(INFORMATION SHOWN Opens)

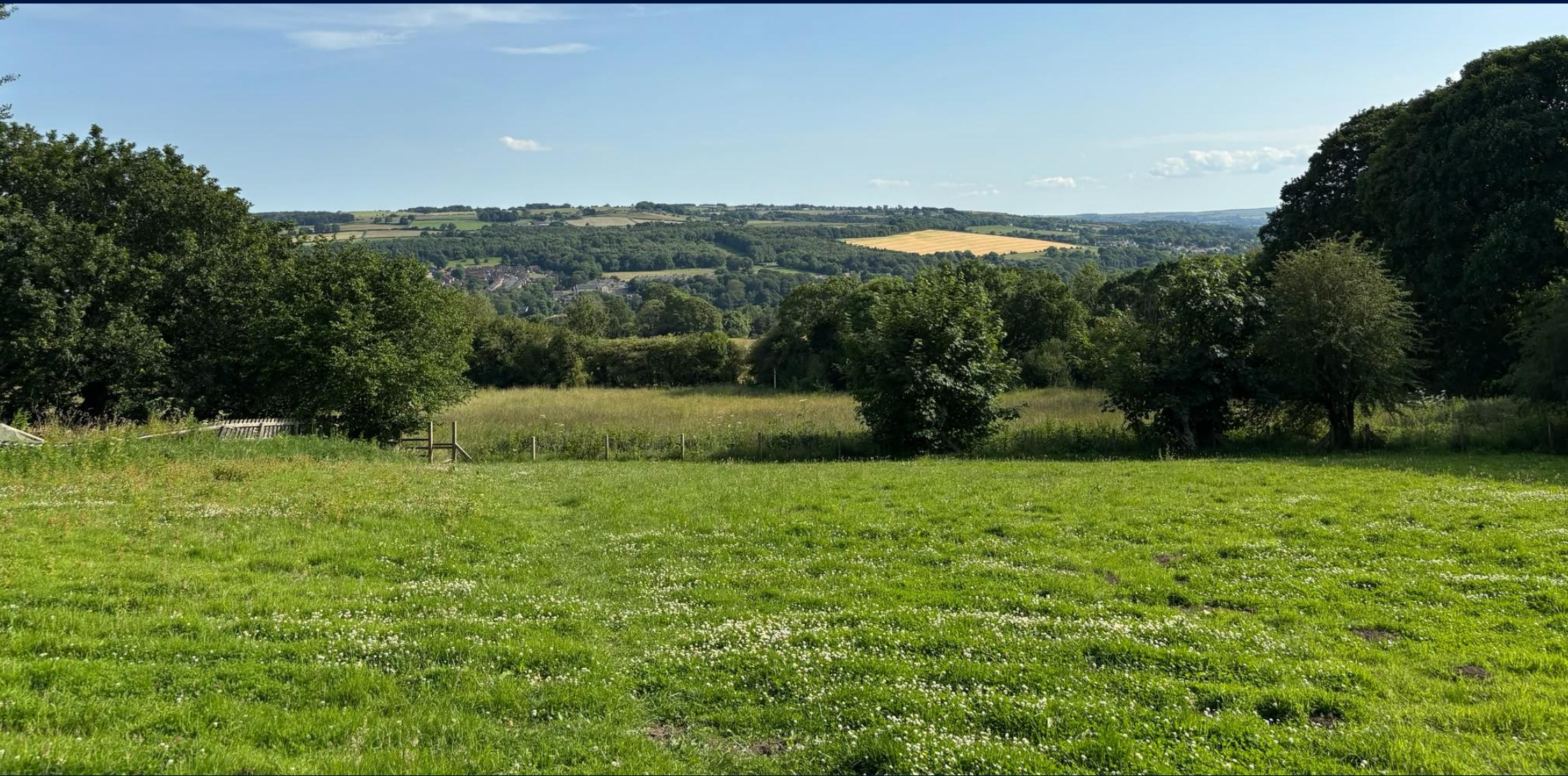
Land at South View Chopwell, Newcastle Upon Tyne, NE17 7JY
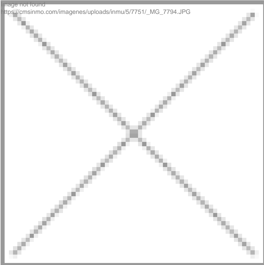
image not found https://cmsinmo.com/imagenes/uploads/inmu/5/7751/_MG_7794.JPG
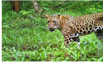
Smile, big cat: A leopard captured by cameras installed in a forest in Odisha.

"Sites with confirmed direct or indirect evidence of leopard were monitored using camera traps to estimate the minimum number of unique adult leopards based on their
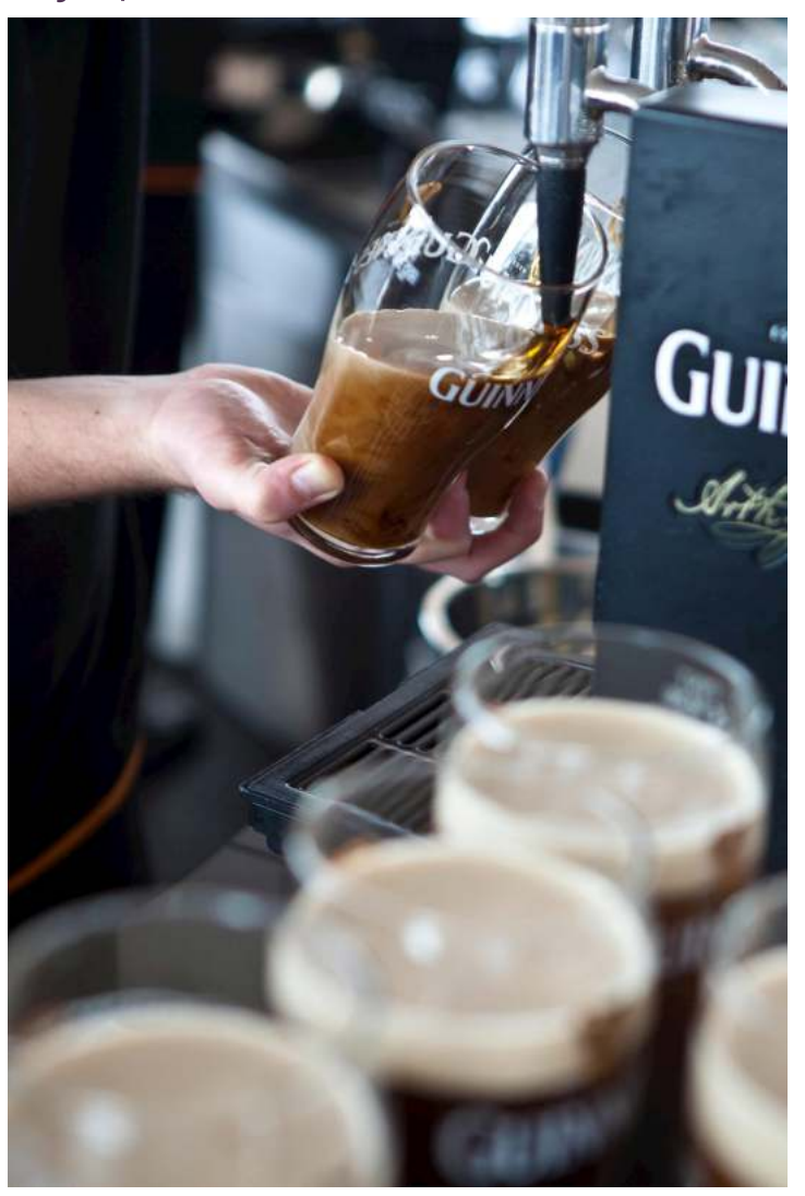
Day 5 | Discover Diverse Dublin

Dive Into Culture and discover the fascinating 250vear-old story of Guinness at its original home, the Guinness Storehouse. Top it off with a taste in their Gravity Bar while you enjoy the panoramic views of Dublin. Drive through the pretty streets of Dublin with a Local Specialist to admire the stately Georgian Squares, Trinity College and St. Patrick's Cathedral, the tallest church in Ireland, before spending the rest of the day exploring the sights alone. Ramble through Temple Bar or Grafton Street, famous for its colourful street performers. This evening, consider joining an Optional Experience to a rousing Irish cabaret performance.

(INFORMATION SHOWN Closes)

Your output must consist only of the lines from the line with "image not found" through the final line of the data, both included, reproduced exactly and free of pictures.

image not found https://cmsinmo.com/imagenes/uploads/inmu/5/7751/_MG_7794.JPG
Smile, big cat: A leopard captured by cameras installed in a forest in Odisha.

"Sites with confirmed direct or indirect evidence of leopard were monitored using camera traps to estimate the minimum number of unique adult leopards based on their
Day 5 | Discover Diverse Dublin

Dive Into Culture and discover the fascinating 250vear-old story of Guinness at its original home, the Guinness Storehouse. Top it off with a taste in their Gravity Bar while you enjoy the panoramic views of Dublin. Drive through the pretty streets of Dublin with a Local Specialist to admire the stately Georgian Squares, Trinity College and St. Patrick's Cathedral, the tallest church in Ireland, before spending the rest of the day exploring the sights alone. Ramble through Temple Bar or Grafton Street, famous for its colourful street performers. This evening, consider joining an Optional Experience to a rousing Irish cabaret performance.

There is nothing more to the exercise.